▶ [Problem description]:
Could you reproduce every record below exactly, excluding all pictures?

:::::

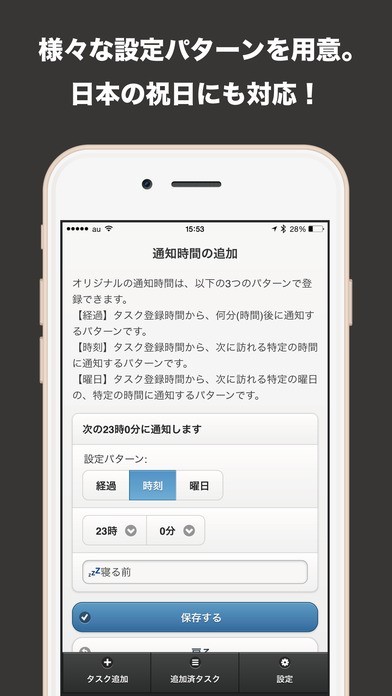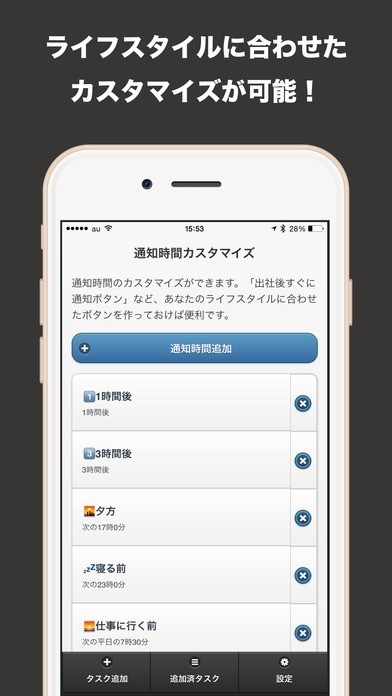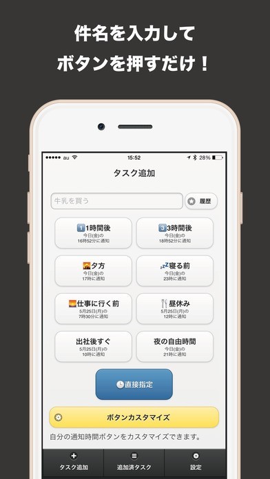 「1時間後」「出社前」といった、“時間プリセット方式”だから、通常のリマインダアプリのように通知時間を毎回入力しなくてOK!
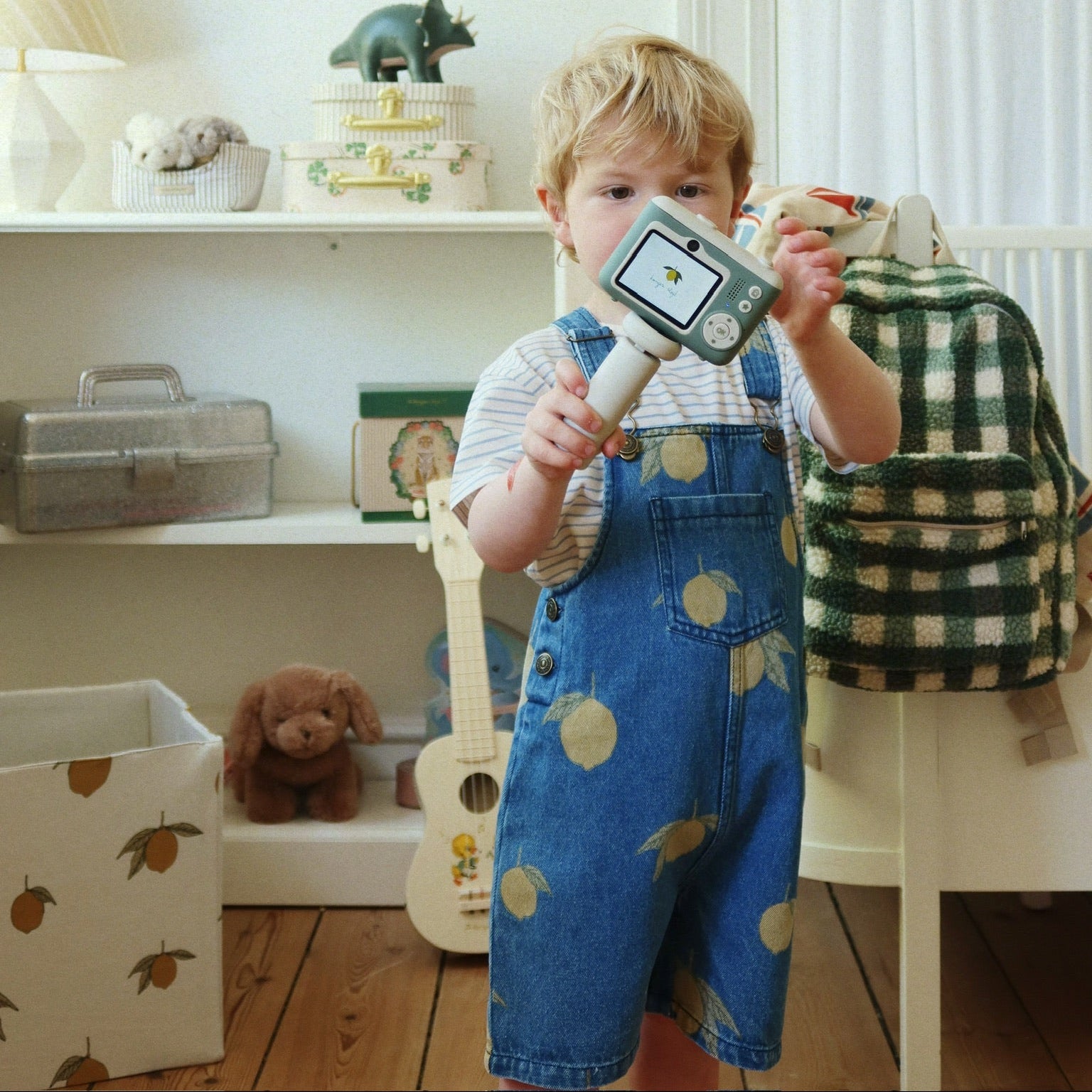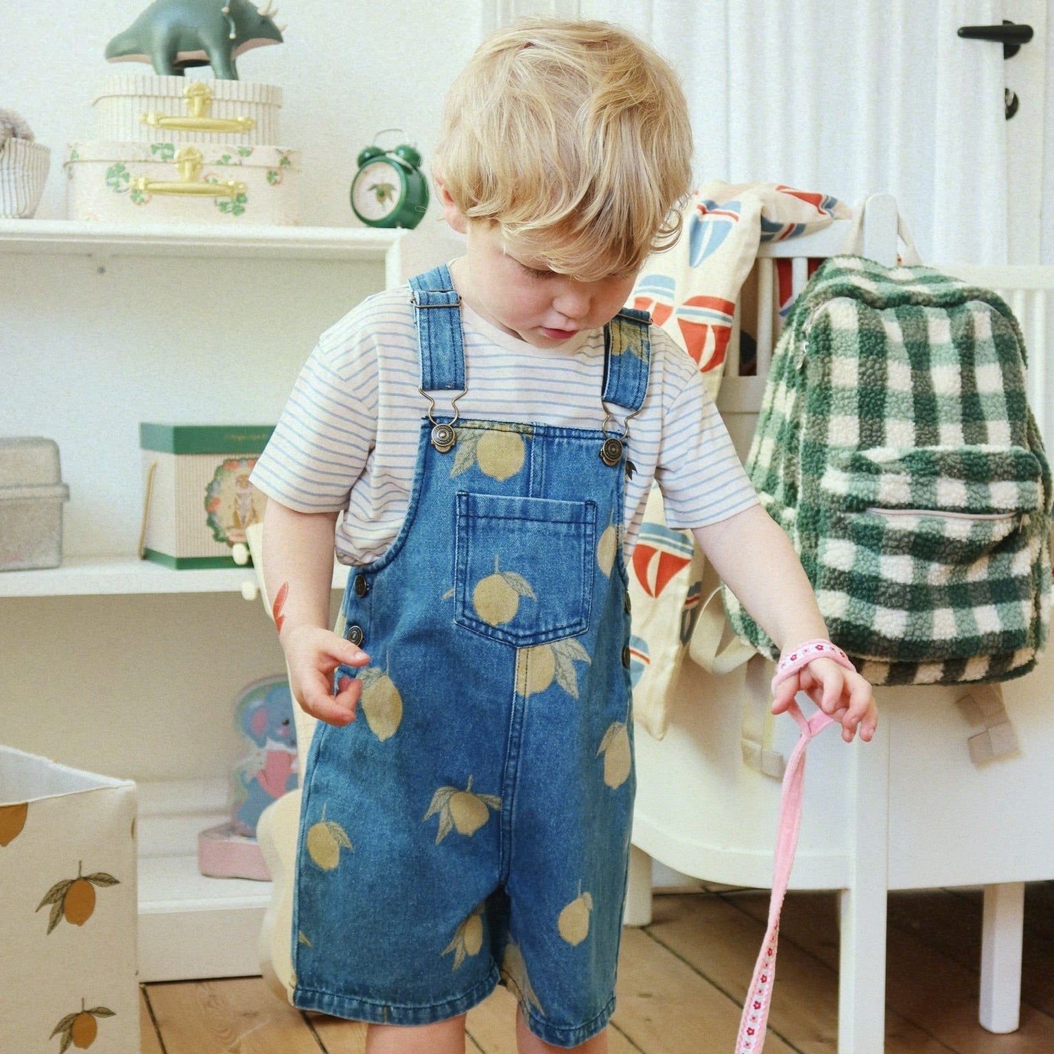 A jellegzetes csatos rögzítés és a KS logós gombok adják azt a különleges bájt, amely a Konges Slojd termékeket jellemzi.
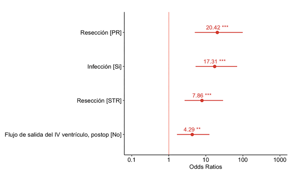 Figura 4: Odds ratios ajustados para las variables grado de resección, infección y flujo de salida del IV ventrículo (postop.), en orden de importancia.
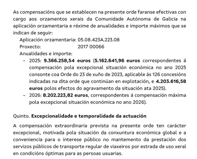 O pasado luns, 13 de outubro, o conselleiro de Presidencia, Diego Calvo, con competencias en Mobilidade, asinou unha Orde pola que vai repartir ata 17,5 millóns de euros en axudas ás 127 concesionarias de liñas de bus competencia da Xunta. Faino pola "situación de excepcionalidade económica" que segundo o Goberno galego segue afectando a ese sector, que vén recibindo millonarias axudas autonómicas desde a pandemia e a guerra de Ucraína ao tempo que a Xunta sanciona algúns dos seus incumprimentos e admite que calculou mal varias desas concesións.
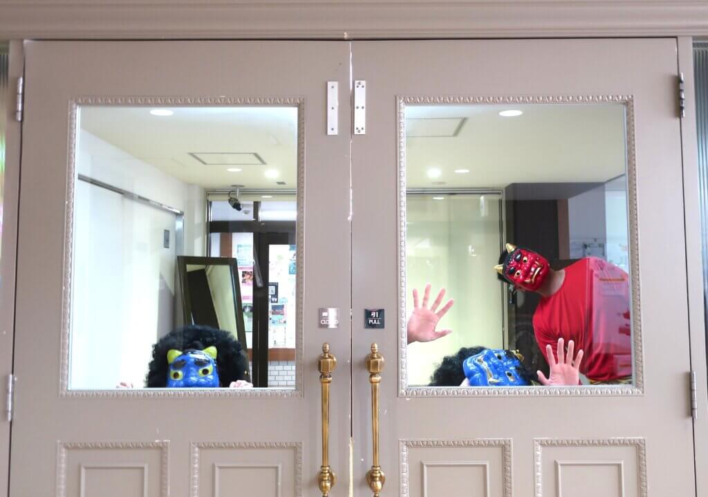 西館の前に、見慣れない3人の鬼の姿が・・・!
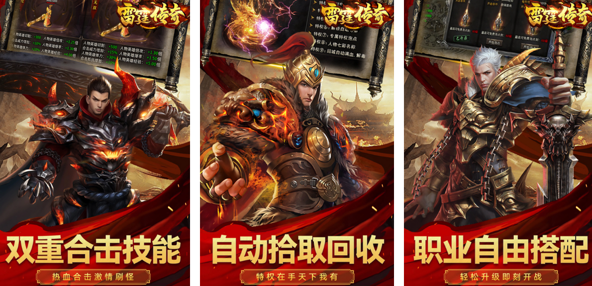 《雷霆传奇》把极爽的雷霆重击效果和高倍率掉宝还原得很好,玩家扮演的是一个打算在群魔乱舞的暗黑森林中杀出重围的勇士,在布满变异神兽、邪恶触龙神、矿区幽灵的战斗地段展开一场关于战力压制和红名爆装的较量。游戏上手非常快,玩家只需要点点屏幕就能指挥角色手中的裁决之杖锁定远处的赤月恶魔,并利用那些具有眩晕效果的雷霆特戒去帮玩家稳住战局。当被敌对行会围攻的时候,玩家就必须依靠极其精准的烈火剑法调配,保证自家输出能够覆盖住对方法师团。
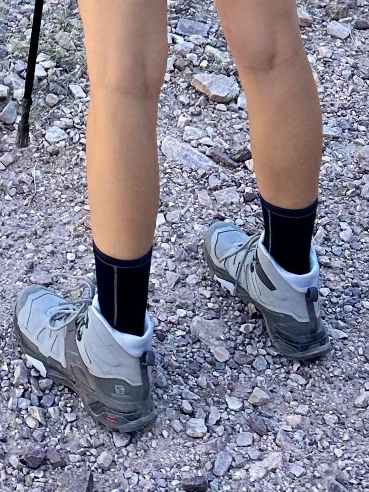 Lauren wore Salomon 4 mids for this hike. She wore these because she knew they were comfortable and wanted the ankle support. We’ve updated to most recent version available. Salomon.com
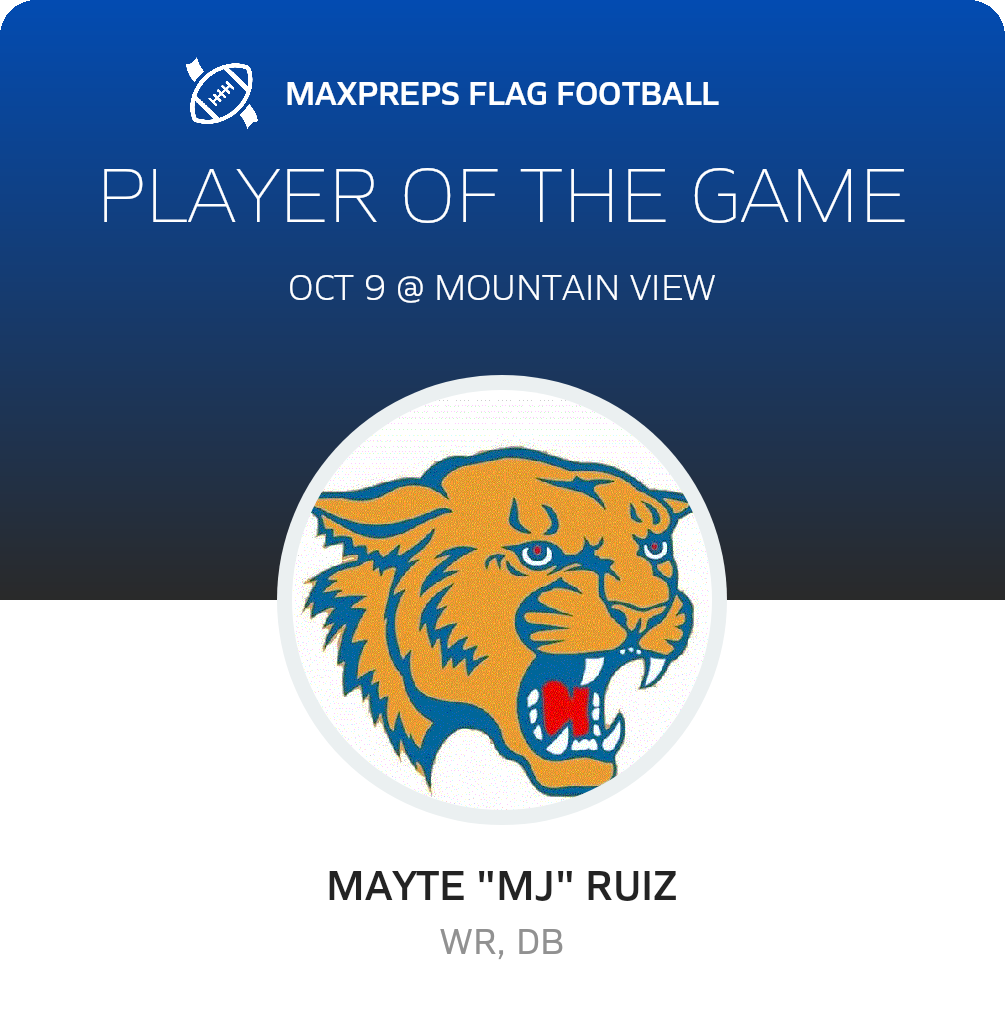 October 9, 2025: Tucson, AZ 85742 The Mountain View Mountain Lions flag football team (Tucson, AZ), was crushed 41-0 in Thursday's league bout with the visiting Casa Grande Cougars (Casa Grande, AZ)
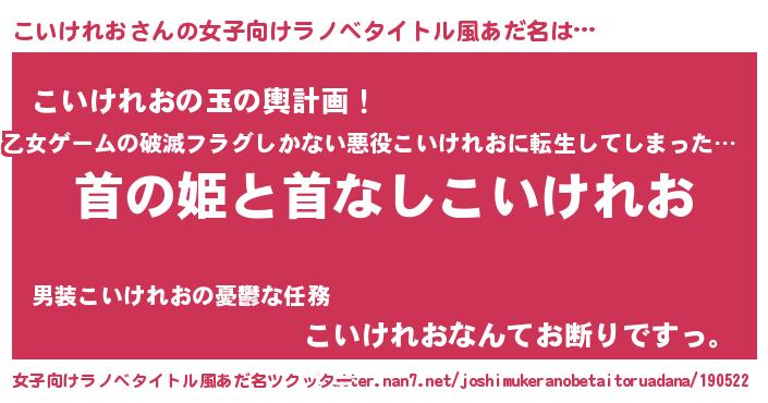 | 男性向けラノベタイトル風あだ名 | 『はたらくこいけれおさま!』 |
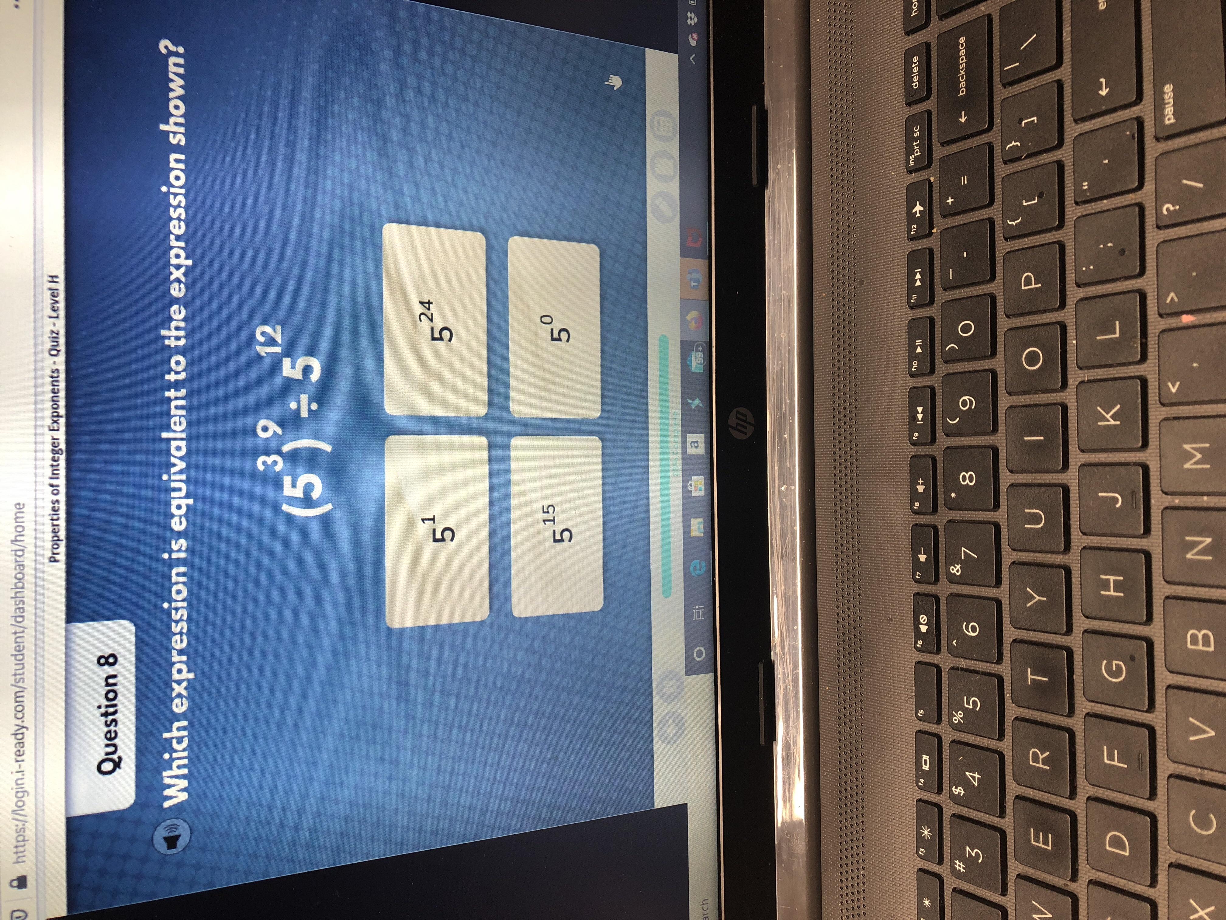 Multiply the exponent that is inside the parentheses (3) by the exponent on the outside (9) to get 27 for the exponent, then subtract the exponent that is divided (12) to get an exponent of 15, which makes the answer 5^15.
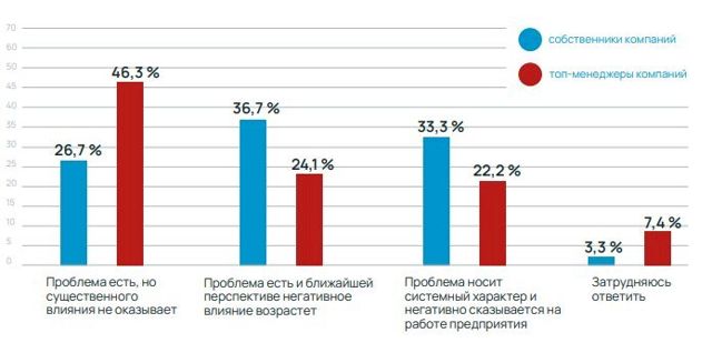 Стоит отметить, что собственники предприятий и их топ-менеджеры разнятся в оценках кадрового кризиса на предприятиях. Владельцы бизнесов оценивают ситуацию с кадрами негативнее, чем руководители предприятий. Треть собственников полагает, что проблема с кадрами — системная и негативно сказывается на предприятии. Их мнение разделяют только 22,2% топ-менеджеров. Признают проблему и прогнозируют рост ее влияния на бизнес 36,7% собственников и 24,1% руководителей. 26,7% собственников о проблеме знают, но сомневаются в ее влиянии на бизнес. Такую позицию разделяет большинство — 46,3% топ-менеджеров предприятий.
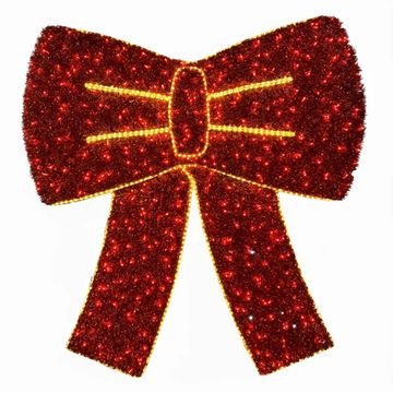 Fiocco Natalizio luminoso 3D in struttura di alluminio rivestita con carpet decorativo di colore rosso, lampadine a LED di colore rosso con flash e tubo a neon bianco caldo. Perfetto da appendere sulle facciate dei palazzi, agli angoli delle vostre vetrine. Altezza fiocco - 2m. Larghezza - 1,5m. La struttura viene montata in combinazione con nastri prolungabili. 230V
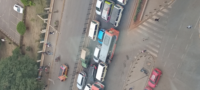 - "An overhead view depicts a heavily congested urban street scene on Uhuru Highway, near the University of Nairobi and the Central Business District (CBD) in Nairobi, Kenya" by FM-auFgD2, licensed under CC BY 4.0
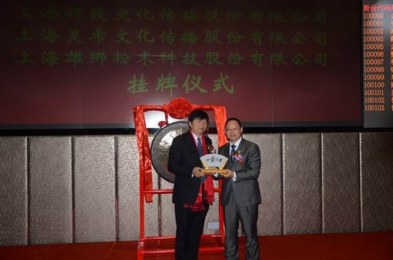 随后,丁兴良董事长与股权托管中心高管互相交换礼物,丁兴良董事长收到了股权交易中心送出的标志着成功挂牌上市的缩小版铜锣,作为留念。之后灵希股份挂牌仪式进入最关键的环节,11时,丁兴良董事长与嘉定区区委常委副区长费小妹共同敲响上市铜锣,标志着灵希股份正式登陆上海股权交易中心,成为国内第一家成功挂牌上市的管理咨询与培训公司。
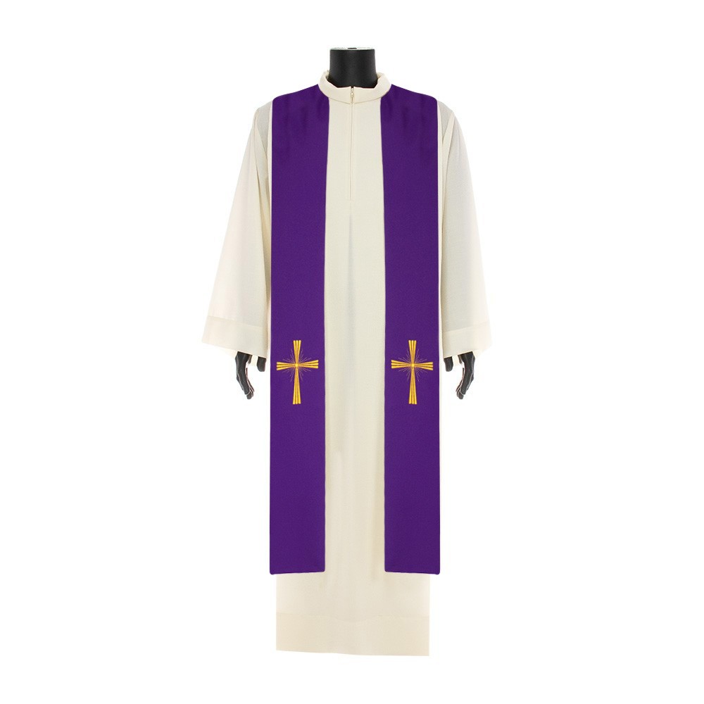Stola viola per sacerdote confezionata in leggero e fresco tessuto poliestere.

:::::

▶ [Response area]:
 「1時間後」「出社前」といった、“時間プリセット方式”だから、通常のリマインダアプリのように通知時間を毎回入力しなくてOK!
 A jellegzetes csatos rögzítés és a KS logós gombok adják azt a különleges bájt, amely a Konges Slojd termékeket jellemzi.
 Figura 4: Odds ratios ajustados para las variables grado de resección, infección y flujo de salida del IV ventrículo (postop.), en orden de importancia.
 O pasado luns, 13 de outubro, o conselleiro de Presidencia, Diego Calvo, con competencias en Mobilidade, asinou unha Orde pola que vai repartir ata 17,5 millóns de euros en axudas ás 127 concesionarias de liñas de bus competencia da Xunta. Faino pola "situación de excepcionalidade económica" que segundo o Goberno galego segue afectando a ese sector, que vén recibindo millonarias axudas autonómicas desde a pandemia e a guerra de Ucraína ao tempo que a Xunta sanciona algúns dos seus incumprimentos e admite que calculou mal varias desas concesións.
 西館の前に、見慣れない3人の鬼の姿が・・・!
 《雷霆传奇》把极爽的雷霆重击效果和高倍率掉宝还原得很好,玩家扮演的是一个打算在群魔乱舞的暗黑森林中杀出重围的勇士,在布满变异神兽、邪恶触龙神、矿区幽灵的战斗地段展开一场关于战力压制和红名爆装的较量。游戏上手非常快,玩家只需要点点屏幕就能指挥角色手中的裁决之杖锁定远处的赤月恶魔,并利用那些具有眩晕效果的雷霆特戒去帮玩家稳住战局。当被敌对行会围攻的时候,玩家就必须依靠极其精准的烈火剑法调配,保证自家输出能够覆盖住对方法师团。
 Lauren wore Salomon 4 mids for this hike. She wore these because she knew they were comfortable and wanted the ankle support. We’ve updated to most recent version available. Salomon.com
 October 9, 2025: Tucson, AZ 85742 The Mountain View Mountain Lions flag football team (Tucson, AZ), was crushed 41-0 in Thursday's league bout with the visiting Casa Grande Cougars (Casa Grande, AZ)
 | 男性向けラノベタイトル風あだ名 | 『はたらくこいけれおさま!』 |
 Multiply the exponent that is inside the parentheses (3) by the exponent on the outside (9) to get 27 for the exponent, then subtract the exponent that is divided (12) to get an exponent of 15, which makes the answer 5^15.
 Стоит отметить, что собственники предприятий и их топ-менеджеры разнятся в оценках кадрового кризиса на предприятиях. Владельцы бизнесов оценивают ситуацию с кадрами негативнее, чем руководители предприятий. Треть собственников полагает, что проблема с кадрами — системная и негативно сказывается на предприятии. Их мнение разделяют только 22,2% топ-менеджеров. Признают проблему и прогнозируют рост ее влияния на бизнес 36,7% собственников и 24,1% руководителей. 26,7% собственников о проблеме знают, но сомневаются в ее влиянии на бизнес. Такую позицию разделяет большинство — 46,3% топ-менеджеров предприятий.
 Fiocco Natalizio luminoso 3D in struttura di alluminio rivestita con carpet decorativo di colore rosso, lampadine a LED di colore rosso con flash e tubo a neon bianco caldo. Perfetto da appendere sulle facciate dei palazzi, agli angoli delle vostre vetrine. Altezza fiocco - 2m. Larghezza - 1,5m. La struttura viene montata in combinazione con nastri prolungabili. 230V
 - "An overhead view depicts a heavily congested urban street scene on Uhuru Highway, near the University of Nairobi and the Central Business District (CBD) in Nairobi, Kenya" by FM-auFgD2, licensed under CC BY 4.0
 随后,丁兴良董事长与股权托管中心高管互相交换礼物,丁兴良董事长收到了股权交易中心送出的标志着成功挂牌上市的缩小版铜锣,作为留念。之后灵希股份挂牌仪式进入最关键的环节,11时,丁兴良董事长与嘉定区区委常委副区长费小妹共同敲响上市铜锣,标志着灵希股份正式登陆上海股权交易中心,成为国内第一家成功挂牌上市的管理咨询与培训公司。
Stola viola per sacerdote confezionata in leggero e fresco tessuto poliestere.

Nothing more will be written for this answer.